◆ **Task goal**
Starting at the line below that contains "В этом рецепте" and ending at the line that contains "According to S&P", retype each line exactly as it stands, but omit the pictures.

◆ **Source material**
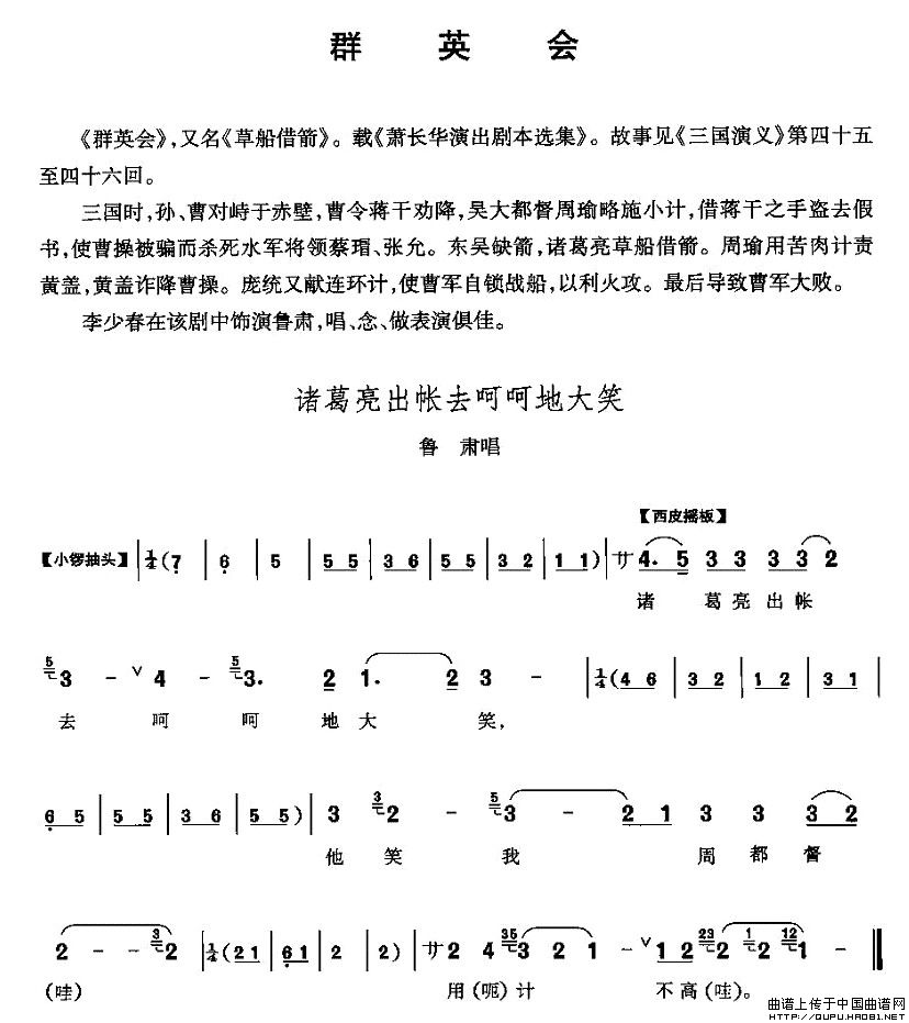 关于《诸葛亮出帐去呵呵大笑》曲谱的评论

---

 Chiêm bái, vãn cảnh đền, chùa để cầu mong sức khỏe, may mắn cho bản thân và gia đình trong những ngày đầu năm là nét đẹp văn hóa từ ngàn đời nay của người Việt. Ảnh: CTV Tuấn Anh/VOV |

==

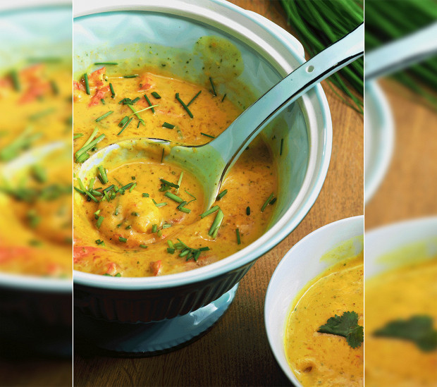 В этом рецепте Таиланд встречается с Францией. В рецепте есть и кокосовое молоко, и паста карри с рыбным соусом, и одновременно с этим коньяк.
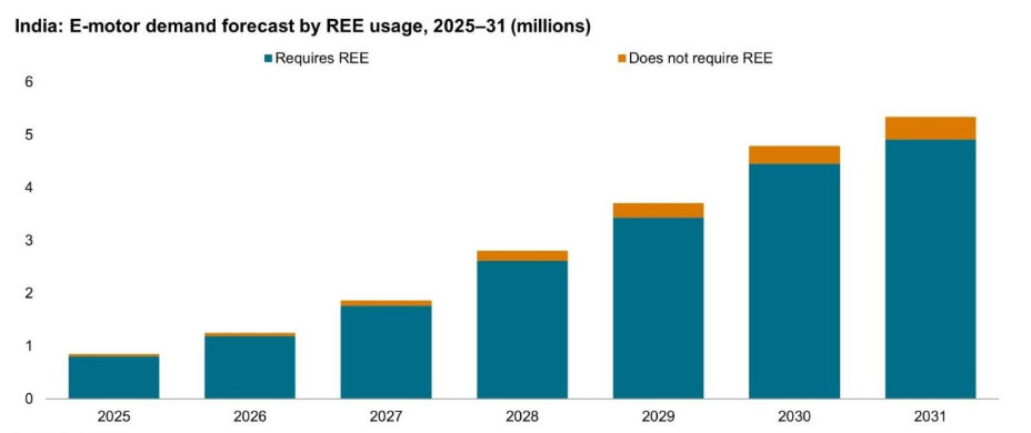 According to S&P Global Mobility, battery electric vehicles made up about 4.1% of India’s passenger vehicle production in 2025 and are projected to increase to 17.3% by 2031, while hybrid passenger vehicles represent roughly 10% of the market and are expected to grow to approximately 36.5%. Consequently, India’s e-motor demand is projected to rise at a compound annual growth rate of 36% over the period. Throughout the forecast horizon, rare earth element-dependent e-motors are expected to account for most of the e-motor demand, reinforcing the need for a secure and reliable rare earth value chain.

◆ **Solution**
 В этом рецепте Таиланд встречается с Францией. В рецепте есть и кокосовое молоко, и паста карри с рыбным соусом, и одновременно с этим коньяк.
 According to S&P Global Mobility, battery electric vehicles made up about 4.1% of India’s passenger vehicle production in 2025 and are projected to increase to 17.3% by 2031, while hybrid passenger vehicles represent roughly 10% of the market and are expected to grow to approximately 36.5%. Consequently, India’s e-motor demand is projected to rise at a compound annual growth rate of 36% over the period. Throughout the forecast horizon, rare earth element-dependent e-motors are expected to account for most of the e-motor demand, reinforcing the need for a secure and reliable rare earth value chain.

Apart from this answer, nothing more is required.